There was something so comforting and surreal about the whole thing. It was the moment I was able to differentiate between someone being there and not being there. That was not him. That was just his body. And it was in this terribly sad and awakening moment that I remembered a quote from a book I read, called Stiff.
“You are a person, and then you cease to be a person, and a cadaver takes your place.”
About a decade ago I was watching an episode of Six Feet Under (best show ever by the way) and one of the characters was talking about a book called Stiff by Mary Roach. Many years later I found that book on a shelf at my brother's house. I stole it, read it and it changed the way I thought about life, but most importantly, how I thought about death.
Stiff is about Mary’s search to discover what happens to the human body after we die. I know, it sounds morbid and at times it is. But it is also really, really clever and fascinatingly hilarious.

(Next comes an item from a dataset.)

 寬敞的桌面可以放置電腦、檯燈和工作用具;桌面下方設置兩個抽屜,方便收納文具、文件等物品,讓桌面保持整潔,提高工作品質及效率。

Trembling with excitement and anxiety, she tours the FBI body farms to learn how the human vessel will decompose in various places such as the trunk of a car, or half buried, or in some other hideous circumstance. With terrific and terrifying detail, she explains what happens when you donate your body to science or what happens to you in a plane crash. Along with forensics and science, she decorates the book with her personal experience with death. That’s what kept me reading page after page, chapter after horrifying chapter.
With Mary sharing her own experiences with death, it allowed me to relate to this intriguing yet particularly odd women. She inserted humor into a topic that should be void of it and I felt almost guilty that I was laughing through the horror of it all. Some people may take offence to it and that is completely fine. This book is not for everyone. But it was for me. I read it several times before I saw a dead body and several times afterwards. Each and every time I finished it, I felt better. Not because it explained everything, but because it simplified everything.

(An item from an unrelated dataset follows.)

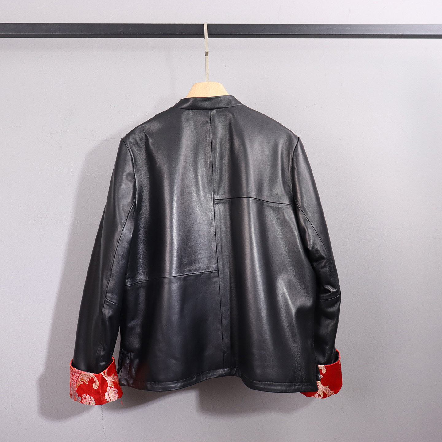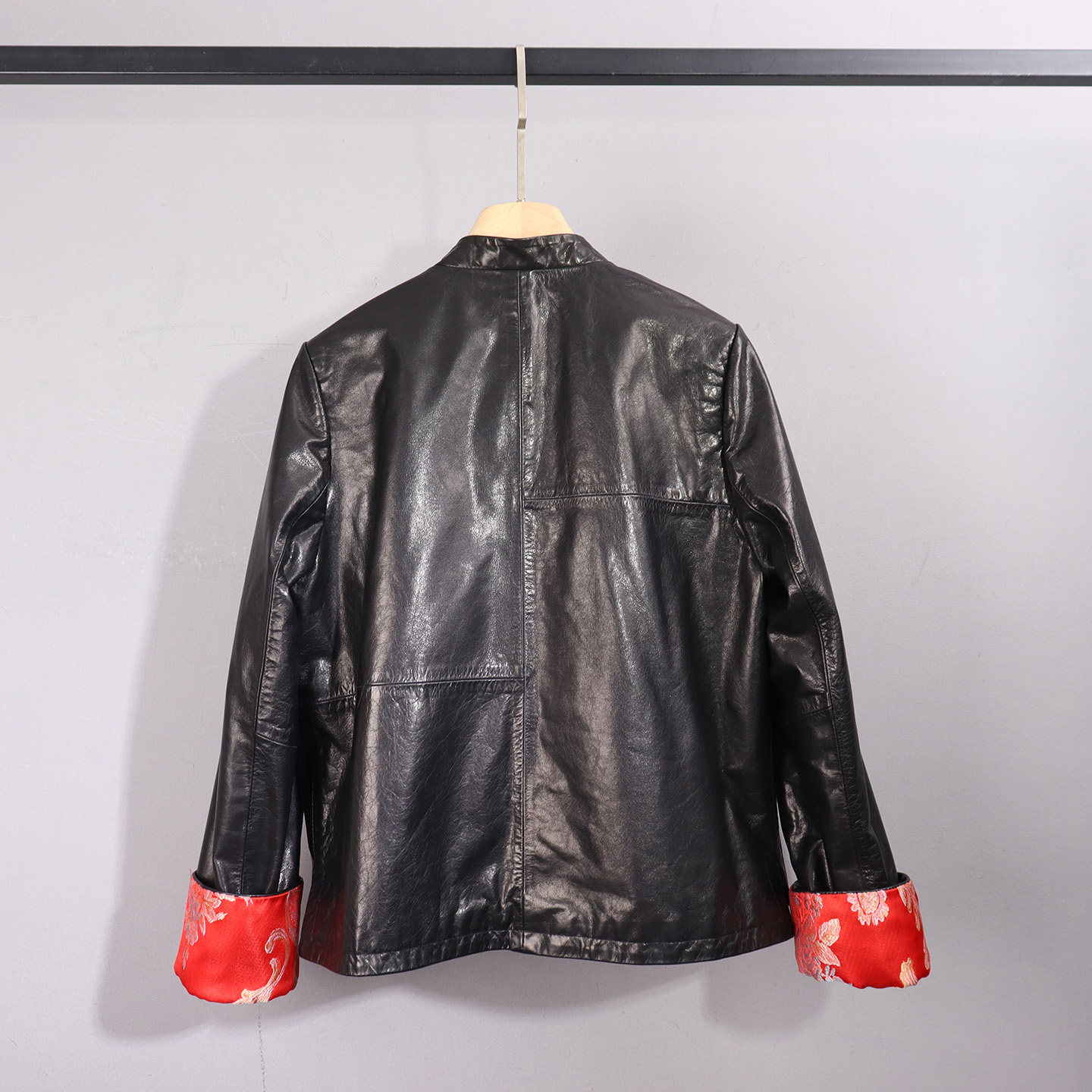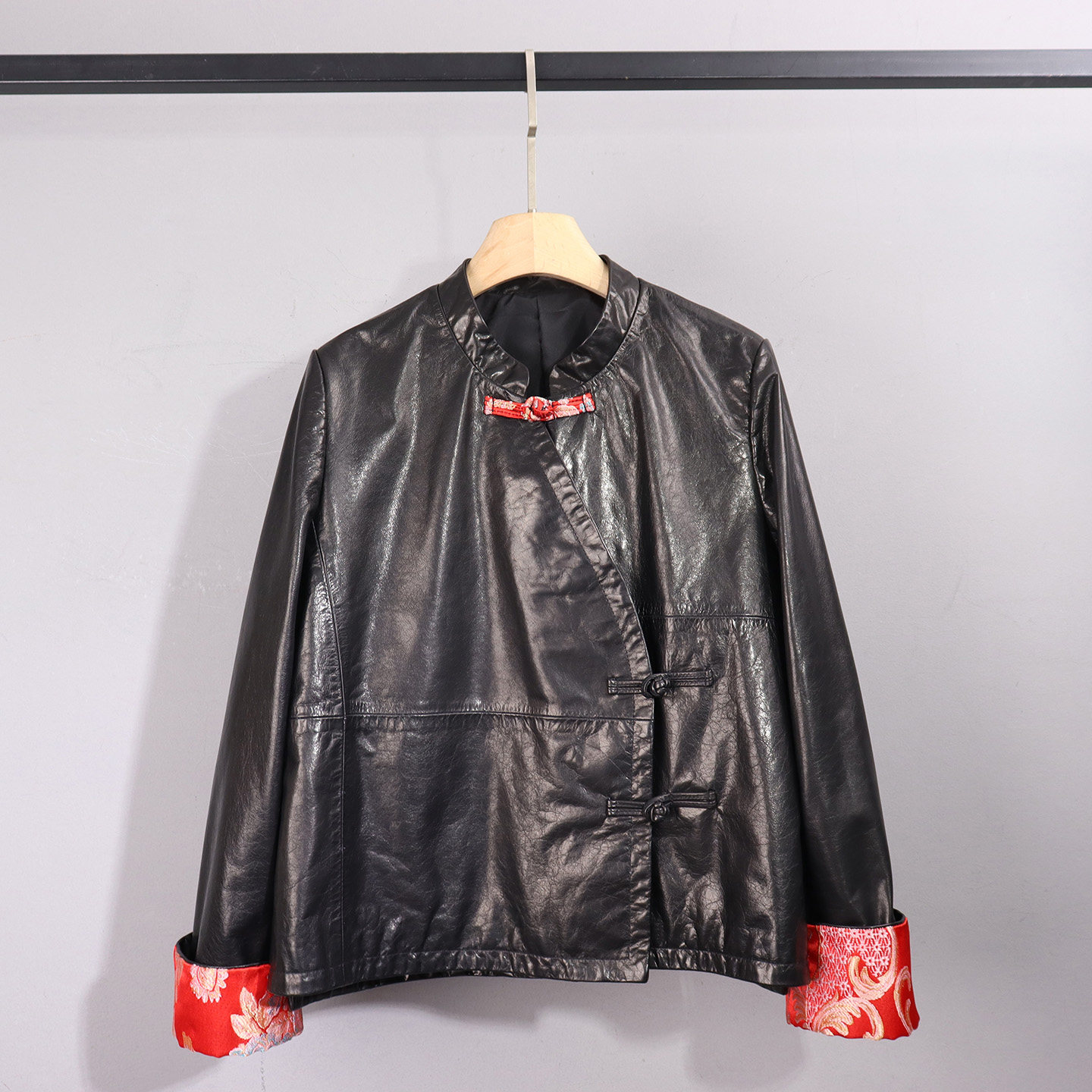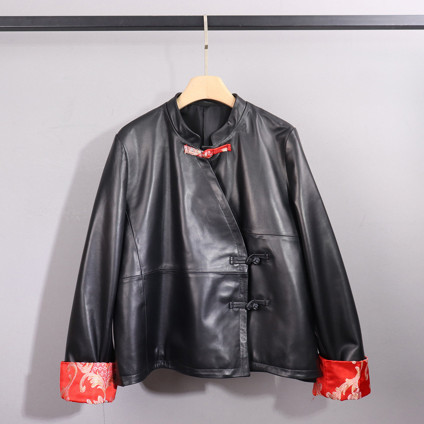 时尚新中式真皮立领皮衣女短款修身盘扣黑色高级感长袖显瘦外套

Although it’s not particularly nice to think about what happens to our bodies when we die, for me, the more I read about the process the less afraid of it I was. This book reminded me so much of one of my favourite poems by John Berger.
“What reconciles me to my own death more than anything else is the image of a place: a place where your bones and mine are buried, thrown, uncovered, together... It is strange that this image of our proximity, concerning as it does mere phosphate of calcium, should bestow a sense of peace. Yet it does. With you I can imagine a place where to be phosphate of calcium is enough.”
Don’t get me wrong. Dying scares the absolute shit out of me. But it’s the dying that scares me, not the afterwards part. I think about things like, Will I be alone? Will it be painful? Will I be leaving my family or joining them? Those are the worries I have.
If burying me in the ground gives my family a place to visit, then by all means, bury me in the ground. If scattering my ashes to the wind allows them to think that I am free, then by all means, scatter my ashes to wind. And if my body is able to help a doctor or scientist be better at their job, then by all means, donate my body to science and allow it to be chopped up and dissected for the good of humanity.
But there is one thing that Mary and I are absolutely adamant about. If I am in an accident and there is an option to donate my organs to a living human being, then my family better give consent.
Out of all the organs in the body, my heart is the most important to me. It is the physical representation of the love that I have given and received in my life. But when I die, I’ll take that love with me and leave the vessel that it was once stored in.
I have a tattoo on my wrist that says “I carry your heart” and it is my hope that one day someone will carry mine. Physically or metaphorically, either one is okay with me.